Творцом этого чуда мог бы стать я. Именно я мог дать Разум и Силу безмозглому жуку, которого Рок нес в никуда. И тогда он стал бы воистину — МОИМ.

Так что надежда оставалась. Надежда эта была слабая, но — последняя.

Я, может быть, все-таки еще потянул бы месяцок-другой, нельзя торопиться в таких делах, особенно когда хочется, когда нервишки на пределе и все внутри горит от желания — рубануть разом, и будь что будет. Я хорошо знал это свое состояние, и опасался его, и готовился искусственно себя притормаживать хоть до полного изнеможения, но тут Судьба моя пришпорила гнедого, и события понеслись.

На другой же день после первого контакта меня прямо с утра вызвал к себе на ковер Дорогой Товарищ Шеф, лично, и в своей тоску наводящей сонной манере завел прямо с порога, не здороваясь и не предлагая даже подчиненному присесть: «Ну чего там у тебя какого хрена не докладываешь почему это я должен из тебя клещами тянуть как из красного партизана чего ты там накручиваешь вокруг этого своего (тут он демонстративно заглянул в бумаги) Красногорова своего кто тебе на это санкцию давал и вообще?..»

Я ждал этого напора и готовился к нему, у меня на все вопросы ответы были давно уж сформулированы — от зубов отскакивали, — но я же знал (и ты — знай), что нет на свете ответов, которые не порождали бы новых, новых и новых вопросов. Даже если ты говоришь нагую и святую правду, новые вопросы возникают и как ножи полосуют эту твою правду, потрошат ее, препарируют, забираясь глубже, и еще глубже, и туда, куда ты и сам никогда еще не заглядывал (потому что страшно тебе было или — стыдно). А уж если ты рискнул и вышел в режим полувранья (о полном вранье я и вовсе не говорю), тут уж — молись. Тут, считай, тебя расчленили, распластали и по крюкам развесили. (Помнишь, как ты пытался скрыть от меня историю с листовками?)

Так что первую атаку Дорогого Товарища я благополучно отбил, но при этом и фланги свои вынужден был обнажить, и тылы и дал ему для размышлений материала — более чем. Появись у него теперь только желание — и во втором туре посыплюсь я, словно карточная колода, а в том, что таковое желание у него вскорости появится, сомневаться не приходилось ни единой секунды. Он был полный идиот, но интуиция у него была такая, что иногда я (в хорошие наши с ним минуты) говорил ему льстиво и почти серьезно: «Ей-богу, Пал-Легыч, вас обследовать бы надо было на сверхъестественные способности. Давайте, а?»

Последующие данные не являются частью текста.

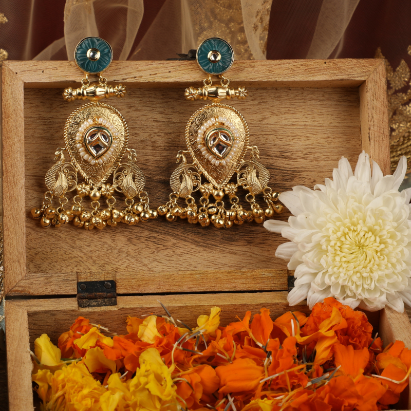 Make a statement with these exquisitely handcrafted traditional earrings that celebrate intricate artistry and graceful movement. The design features a serene turquoise-toned stud at the top, accented with a subtle central stone, leading into a richly engraved gold-finish drop. At the heart of the drop sits a classic kundan-style element, framed with delicate pearl detailing that adds softness and refinement.

Прямо из его кабинета (внутренне — мокрый как мышь и такой же дрожащий) направился я к себе, а там уже ждало меня донесение о печальном событии: скоропостижно скончался заслуженный деятель науки, академик Академии наук СССР, заведующий сектором ВНИИТЭКа Хухрин Лемарк Георгиевич (кличка Бухгалтер). Диагноз: инсульт, но вскрытия еще не было, ожидается вечером.

Я сел за телефон. Я сразу перестал внутренне трепетать и успокоился. Работа. Ничего не кончилось, все продолжалось, было горячо, и железо надо было ковать, не теряя времени. Я разыскал нужного медика и направил его на вскрытие. Я брал дело на свой контроль. Кадры — только отборные. Никакой утечки информации. В случае необходимости — подписка о неразглашении. И все такое. Мура, — но впечатление производит. Доложить мне лично — после вскрытия немедленно устно. Письменный отчет — завтра утром. Все.

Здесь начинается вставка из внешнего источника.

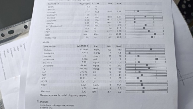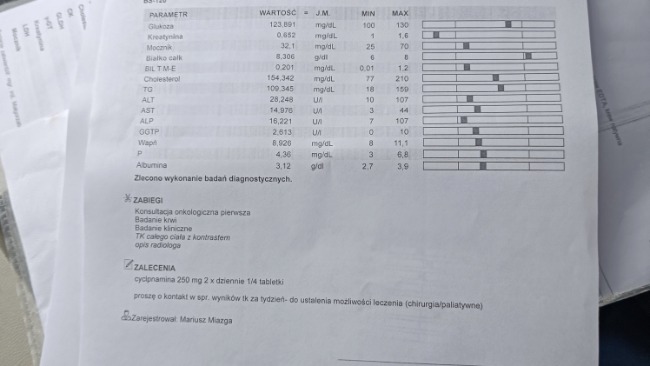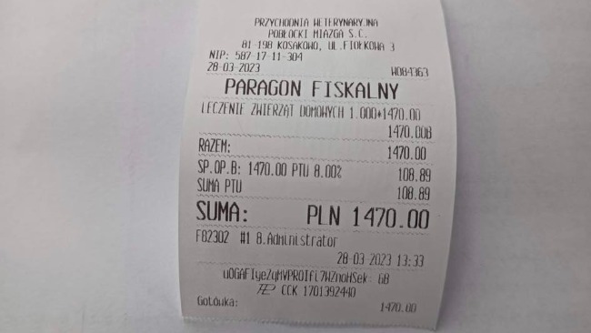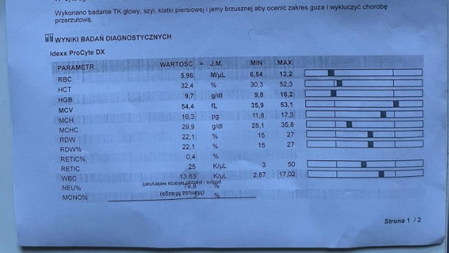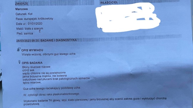 Dzisiaj wizyta u onkologa. Kotka miała robione badanie krwi, cytologię i tomokomputer. W cytologii jest obraz raka płaskonabłonkowego. Pierwsza wizyta 1470. Zalecona operacja, planowana na 13.04.

У меня тоже интуиция не из самых завалящих. Оказался действительно инсульт. Но — не совсем обычный инсульт. А если не стремиться обязательно использовать стандартную терминологию, то, прямо скажем, — и вовсе не инсульт, а черт его знает что. Это был мой Номер Девять (если считать вместе с Неизвестным Людоедом из романа). Рок удалил со своего пути еще одно препятствие (или — не со своего, а с пути моего беззаботного жука, занятого своими небольшими делами?).

К моменту, когда письменный отчет о результатах вскрытия лег на мой письменный стол, я уже знал об отношениях Хухрина и Красногорова все, что можно было узнать за это время. Отношений практически не было. Виделись исключительно на заседаниях сектора и на семинарах. Академик мэнээсу благоволил, отзывался о нем доброжелательно, два раза поручал писать отчеты по своим темам, но при этом и двумя словами, наверное, не обменялся с ним о чем-либо, кроме работы, — о погоде хотя бы. Красногоров же академиком и вовсе не интересовался, он считал своим единственным начальником этого матерщинника Ежеватова, а все прочие, в том числе и академики, были ему как бы на одно лицо и до лампочки.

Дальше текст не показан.